Escolas públicas e democracia
Telma Gimenez
Britânicos e brasileiros se reuniram em Brasília nos dias 8, 9 e 10 de setembro, e em
Porto Alegre dias 13 e 14, em seminário organizado pelo Conselho Britânico, com o apoio
da Unesco e do Unicef, para discutir o importante tema dos direitos humanos e cidadania.

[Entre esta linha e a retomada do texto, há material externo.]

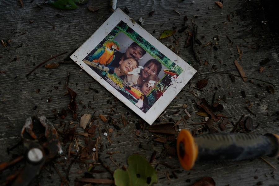 A photograph of an unknown family found by the Hudson family of Canada at their vacation home after the passage of Hurricane Ian rests alongside tools recovered from their storm-surge damaged garage level, near San Carlos Boulevard in Fort Myers Beach, Fla., Sunday, Oct. 2, 2022. (AP Photo/Rebecca Blackwell)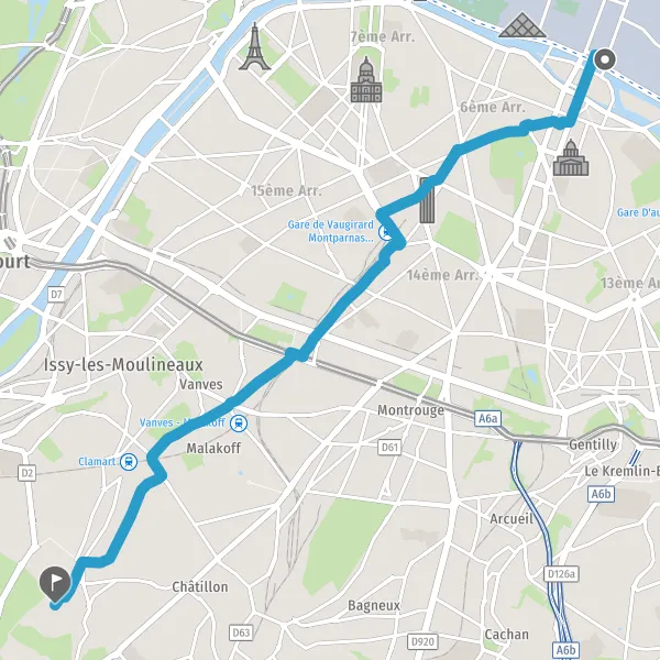 Take a slight right onto Rue Vercingétorix and continue for 300 meters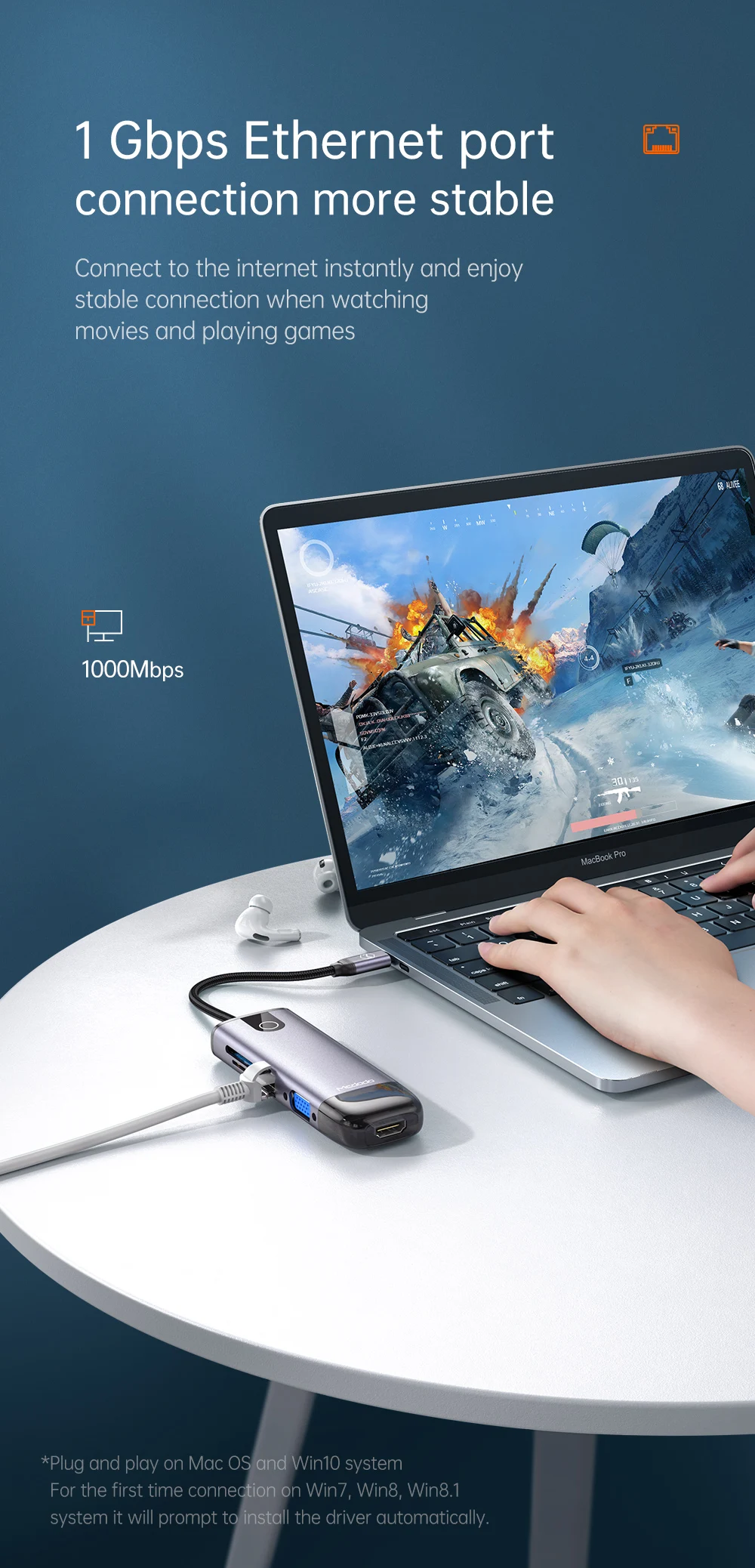 Equipped with a RJ45 port, this USB Type C Lan network adapter supports 10/100/1000Mbps network connection, ideal for streaming movies, downloading large files or playing games.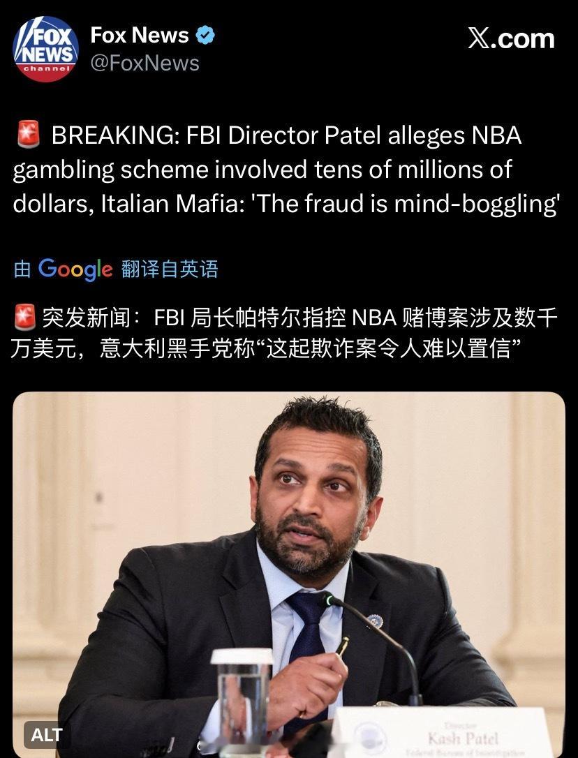 ——FBI 局长帕特尔指控 NBA 赌博案涉及数千万美元,意大利黑手党称“这起欺诈案令人难以置信”[流汗]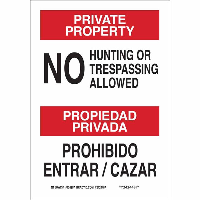 This is manufactured by Brady Corporation. The manufacturer part number is 124910. Label with a size of 14.00" l x 10.00" w (355.6mm x 254.0mm). The product is rohs3 compliant. It is assigned with possible HTSUS value of 3926.90.9985. It is shipped in bulk package . It has a classic black and red legend, white background colour. The product brady®, is a highly preferred choice for users. The product is made from highly stable and reliable polyester. In addition, it is reach unaffected. Its typical moisture sensitivity level is not applicable. A bespoke label is a private property/propiedad privada. no hunting or trespassing allowed/prohibido entrar/cazar label. The product is suitable for use with warning. It has a long 4 weeks standard lead time. The product is designated with the ear99 code number.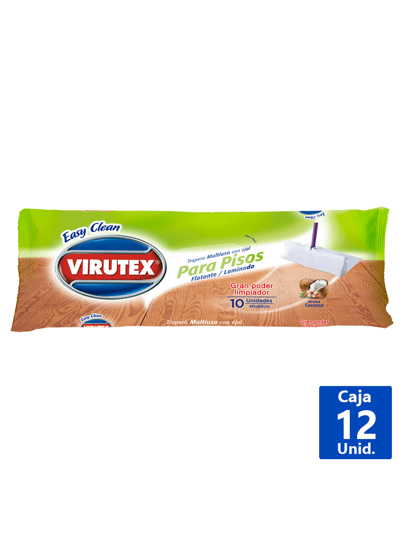 Descripción: Traperos húmedos para Piso Flotante/Laminado c/ojal Aroma Coco, 10 un. Sku 1100776 / 10258140 Beneficios: Fácil de usar, limpia y aromatiza de una sola pasada dejando un agradable aroma a coco. Ideal para superficies no porosas cerámicos, baldosas y azulejos lisos. Instrucciones de Uso Retire un trapero, cierre la etiqueta autoadhesiva para mantenerlos húmedos. Importante No apto para higiene corporal, mantener fuera del alcance de los niños. Vida Útil 24 meses a partir de la fecha de elaboración. Almacenamiento Proteger del calor, mantener en lugar fresco y seco. ¡Disfruta de la tranquilidad de un hogar verdaderamente limpio!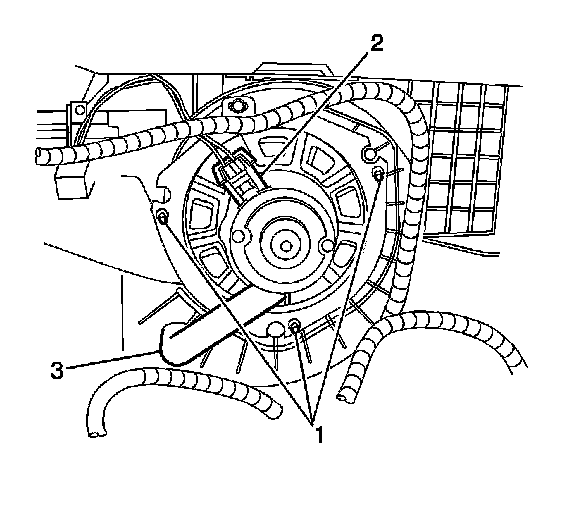 4. Remove the blower motor retaining screws (1).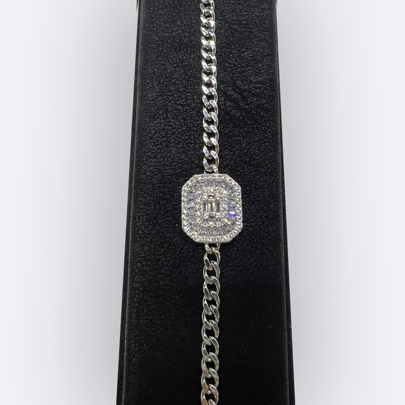 أضيفي لمسة من التألق إلى إطلالتك مع هذا السوار الفضي الأنيق المرصع بالزركونيا المكعبة. تصميم عصري يجعله مثالياً لكل المناسبات.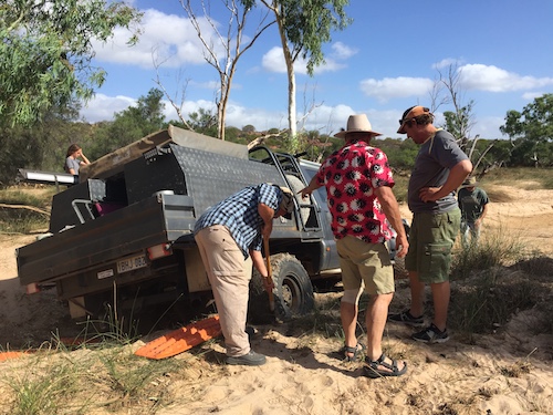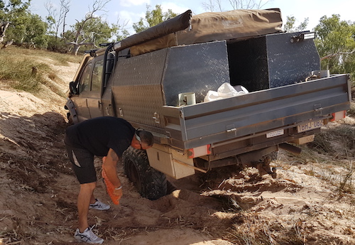 On the way back out to the track north the F250 got a puncture.  While Matt changed the wheel those at the front of the convoy took the opportunity to collect wood – it being a safe bet that there would be no wood at our beachside camp.

Esse evento possibilitou a troca de experiências de duas realidades distintas, porém
convergentes para a mesma direção: a relevância da educação para a cidadania. Os painéis
com especialistas e as oficinas realizadas com jovens e professores levaram a um amplo
debate sobre a necessidade de se incluir na escola experiências que possibilitem reflexão
sobre participação e democracia.
Dentre os principais pontos da discussão constam o reconhecimento de que
democracia é o processo vinculado não apenas a instituições políticas, mas inerente com as
relações que as pessoas estabelecem uma com as outras. A aceitação das diferenças, a
tolerância pela diversidade, a habilidade de “ouvir o outro” foram consideradas
fundamentais para esse processo.
No quadro de crescente descrédito na “política”, o fortalecimento da democracia
passa por iniciativas que promovam a participação e engajamento da sociedade civil. As
escolas, como instâncias educacionais, foram consideradas essenciais para criar nova
mentalidade sobre o papel dos cidadãos.
A representante da Citizenship Foundation, Jan Newton, trouxe relatos de como a
Inglaterra tem avançado nesse sentido, tornando compulsório, o ensino de cidadania na
faixa de 11 a 16 anos e recomendada de 5 a 11 anos. A fundação por ela dirigida se dedica
a criar matérias para uso nas escolas, visando tornar esse aprendizado menos enfadonho.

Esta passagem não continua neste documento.